#### BRIEF
Starting at the line below with "Die Anschlussstation für" and stopping at the line with "而除了难以去除的氚之外,处理", please print each line exactly, those two included, and skip every picture.

#### DATASET EXCERPT
- Opening Delimiter -

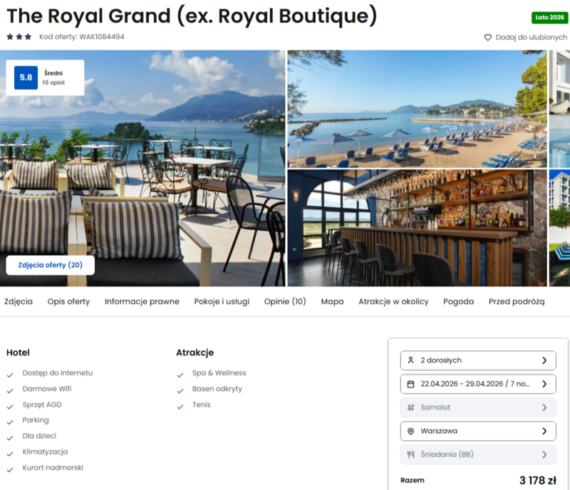Korfu to najbardziej zielona grecka wyspa, która przyciąga krajobrazami, pięknymi plażami i spokojnym tempem życia. 3* The Royal Grand cieszy się dobrymi opiniami, szczególnie jeśli chodzi o lokalizację – łatwo stąd dotrzeć zarówno do centrum wyspy, jak i do mało uczęszczanych, kameralnych miejsc. Goście chwalą również wygodne udogodnienia, takie jak dostęp do WiFi i rozsądne ceny, które pozwalają cieszyć się pobytem bez nadwyrężania budżetu.
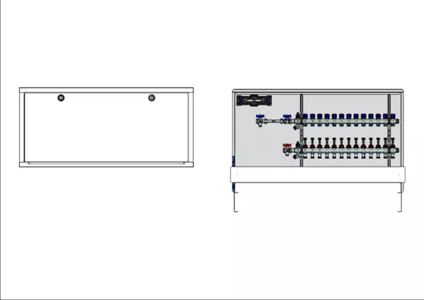 Die Anschlussstation für Flächenheizung und -kühlung ist im Unterputzschrank montiert und umfasst einen Edelstahlverteiler mit regulierbaren Durchflussanzeigern und Ventileinsätzen (M30x1,5), sowie eine horizontale Anschlussgarnitur mit Wärmezählerverrohrung. Zusätzlich ist eine Wasserzählereinbaustrecke für Trinkwasser kalt vorhanden. Es gibt Platzhaltungen für Stellantriebe.
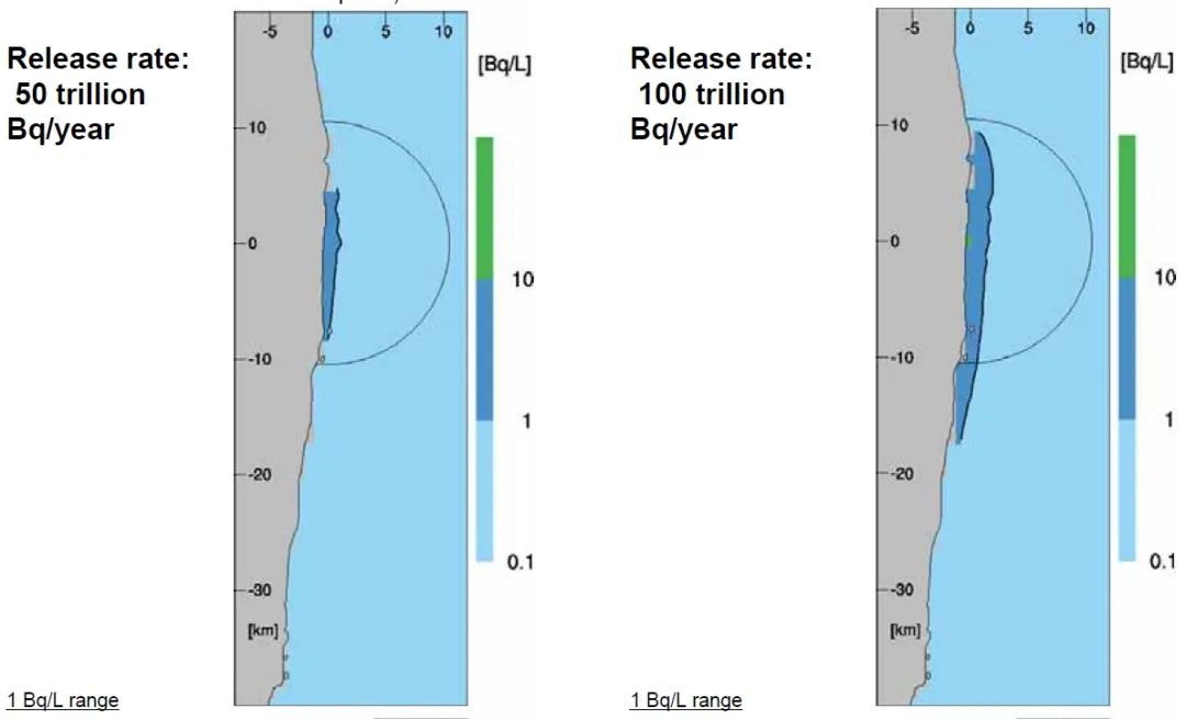 而除了难以去除的氚之外,处理后的污水中一些其他放射性同位素也要高度警惕,包括碳14、钴60和锶90。虽然这些同位素的含量远低于氚的含量,但它们在不同污水处理罐中的含量可能存在很大差异,并且需要更长的时间降解,且与海洋生物如鱼类具有很强的亲和力,对人类具有潜在的毒性。例如,碳14在鱼体内的生理浓度可能是氚的5万倍。而钴60能在海底沉积物中富集,浓度可能会上升30万倍。
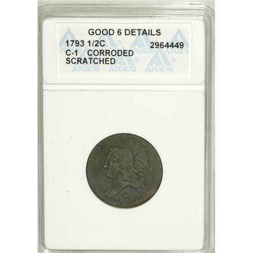 <B>1793 1/2 C --Corroded, Scratched--ANACS. Good 6 Details.</B></I> C-1, B-1, High R.3. The scarcest variety of the year, this example shows recutting on the top of 9. A couple of deep scratches are noted on each side, and the central reverse details are entirely worn away. Moderately corroded. EAC 3.<BR><BR><b>Shipping:</b> Coins & Currency (<a target="_blank" href="http://www.heritageauctions.com/common/shipping.php">view shipping information</a>)

- Closing Delimiter -

#### ANSWER SPACE
 Die Anschlussstation für Flächenheizung und -kühlung ist im Unterputzschrank montiert und umfasst einen Edelstahlverteiler mit regulierbaren Durchflussanzeigern und Ventileinsätzen (M30x1,5), sowie eine horizontale Anschlussgarnitur mit Wärmezählerverrohrung. Zusätzlich ist eine Wasserzählereinbaustrecke für Trinkwasser kalt vorhanden. Es gibt Platzhaltungen für Stellantriebe.
 而除了难以去除的氚之外,处理后的污水中一些其他放射性同位素也要高度警惕,包括碳14、钴60和锶90。虽然这些同位素的含量远低于氚的含量,但它们在不同污水处理罐中的含量可能存在很大差异,并且需要更长的时间降解,且与海洋生物如鱼类具有很强的亲和力,对人类具有潜在的毒性。例如,碳14在鱼体内的生理浓度可能是氚的5万倍。而钴60能在海底沉积物中富集,浓度可能会上升30万倍。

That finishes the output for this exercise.